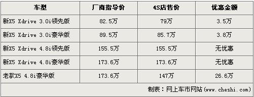 據經銷商處銷售人員介紹,近期購買X5的消費者可以得到最高26.6萬元的優惠。新款的寶馬X5 3.0L車型目前有買車送一半購置稅的活動,購置稅優惠的價值可以直接抵車價,經抵價轉換后,新X5 3.0i領先版和豪華版經3.5及3.8萬元優惠后售價降為了79萬元和85.7萬元,新寶馬X5 4.8i車型目前仍然沒有優惠。銷售人員就介紹,老款的X5 4.8i豪華版有26.6萬元的高額優惠,售價從173.6萬元降到了147萬元。
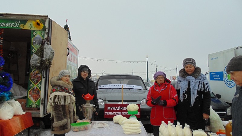13 декабря 2014 года в г.Наб.Челны по адресу Сармановский тракт с 8 часов утра прошла еженедельная сельскохозяйственная ярмарка, на которой также участвовали КФХ Менделеевского муниципального района. Фермеры из Бизякинского, Тураевского, Мунайкинского, Енабердинского сельских поселений продавали свою выращенную продукцию. КФХ Харитонов Г.А. привез молоко, сметану, творог, капусту. КФХ Антипов А.И. реализовывал гусей, продукцию пчеловодства.КФХ Махмудов Э.А. привез для продажи сыр, который приготовили сами ,он очень пришелся по вкусу жителям автограда, Фермер Махмудов Э.А. из села Кураково Енабердинского сельского поселения привозит свою продукцию каждую неделю на ярмарку . Еженедельно продают мясо продавцы убойного цеха Миндубаева Равиля. Каждую неделю выставляет свою рыбную продукцию ИП Буцукина из г. Менделеевска. Продукцию пчеловодства продает еженедельно ИП Малявкина Виктора.
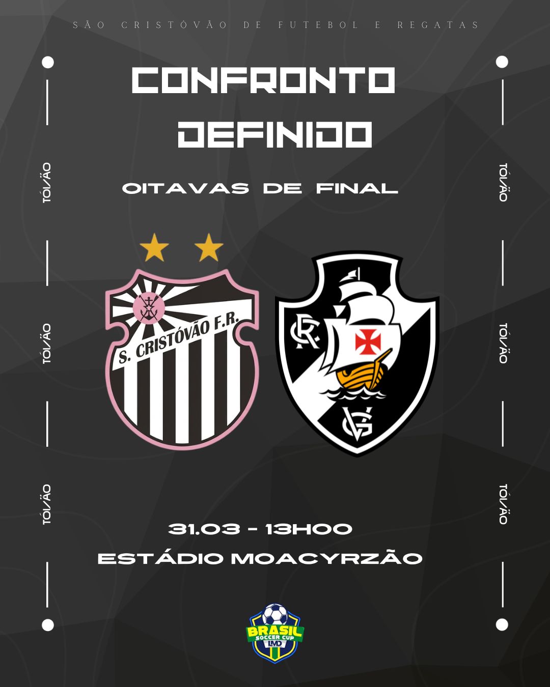 O time Sub-14 do Vasco enfrenta o São Cristóvão nas oitavas da Brasil Soccer Cup, com transmissão ao vivo no YouTube.
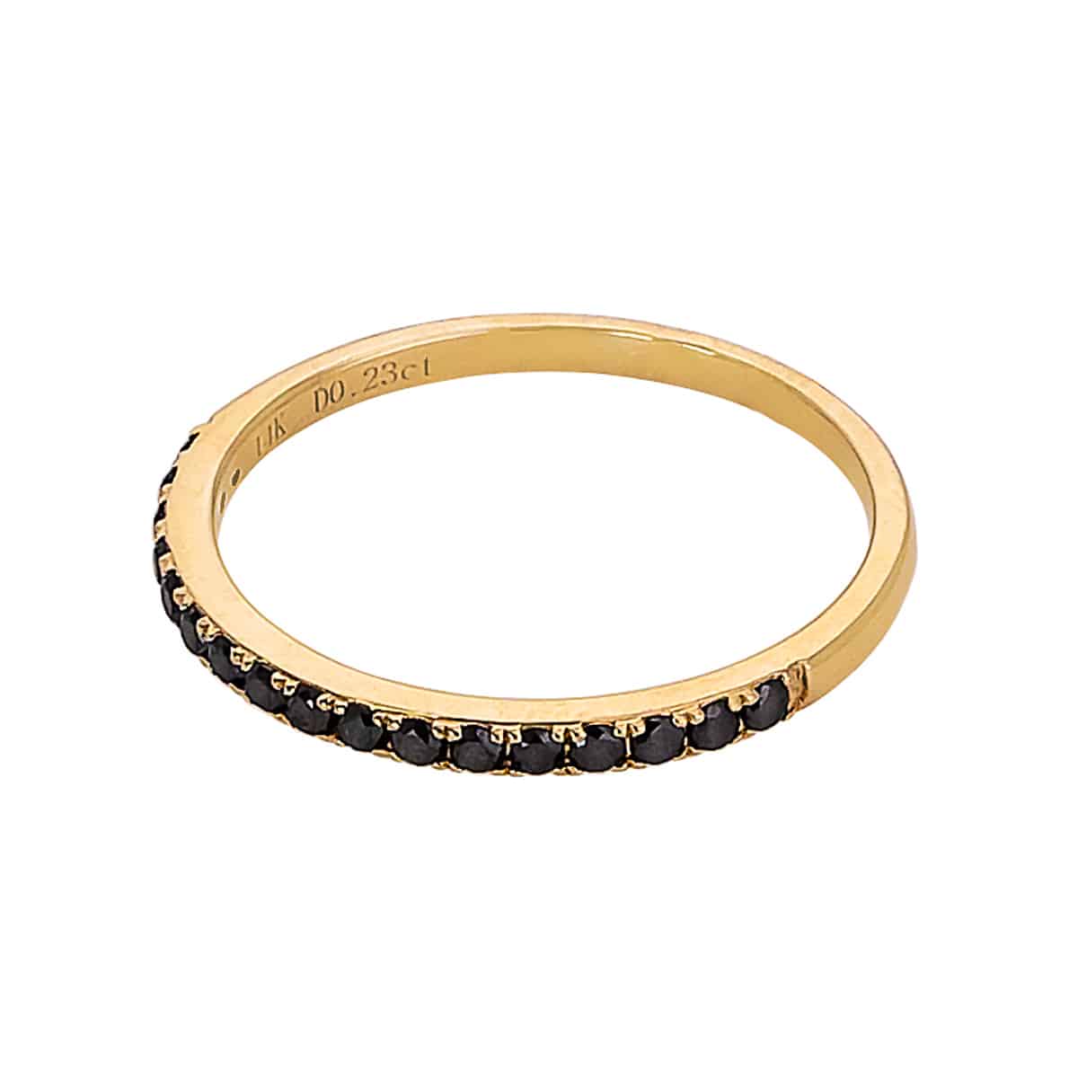 Przenieś się do świata luksusu i elegancji z wyjątkowym pierścionkiem obrączkowym z żółtego złota, zdobionym czarnymi brylantami o łącznej masie 0,23ct. Ta biżuteria to prawdziwa perła w koronie każdej kolekcji, która przyciąga spojrzenia i dodaje blasku każdej chwili.

· · · · · · ·

Task brief: Repeat all of the material above exactly, leaving out pictures.

Reply to the exercise:
 據經銷商處銷售人員介紹,近期購買X5的消費者可以得到最高26.6萬元的優惠。新款的寶馬X5 3.0L車型目前有買車送一半購置稅的活動,購置稅優惠的價值可以直接抵車價,經抵價轉換后,新X5 3.0i領先版和豪華版經3.5及3.8萬元優惠后售價降為了79萬元和85.7萬元,新寶馬X5 4.8i車型目前仍然沒有優惠。銷售人員就介紹,老款的X5 4.8i豪華版有26.6萬元的高額優惠,售價從173.6萬元降到了147萬元。
13 декабря 2014 года в г.Наб.Челны по адресу Сармановский тракт с 8 часов утра прошла еженедельная сельскохозяйственная ярмарка, на которой также участвовали КФХ Менделеевского муниципального района. Фермеры из Бизякинского, Тураевского, Мунайкинского, Енабердинского сельских поселений продавали свою выращенную продукцию. КФХ Харитонов Г.А. привез молоко, сметану, творог, капусту. КФХ Антипов А.И. реализовывал гусей, продукцию пчеловодства.КФХ Махмудов Э.А. привез для продажи сыр, который приготовили сами ,он очень пришелся по вкусу жителям автограда, Фермер Махмудов Э.А. из села Кураково Енабердинского сельского поселения привозит свою продукцию каждую неделю на ярмарку . Еженедельно продают мясо продавцы убойного цеха Миндубаева Равиля. Каждую неделю выставляет свою рыбную продукцию ИП Буцукина из г. Менделеевска. Продукцию пчеловодства продает еженедельно ИП Малявкина Виктора.
 O time Sub-14 do Vasco enfrenta o São Cristóvão nas oitavas da Brasil Soccer Cup, com transmissão ao vivo no YouTube.
 Przenieś się do świata luksusu i elegancji z wyjątkowym pierścionkiem obrączkowym z żółtego złota, zdobionym czarnymi brylantami o łącznej masie 0,23ct. Ta biżuteria to prawdziwa perła w koronie każdej kolekcji, która przyciąga spojrzenia i dodaje blasku każdej chwili.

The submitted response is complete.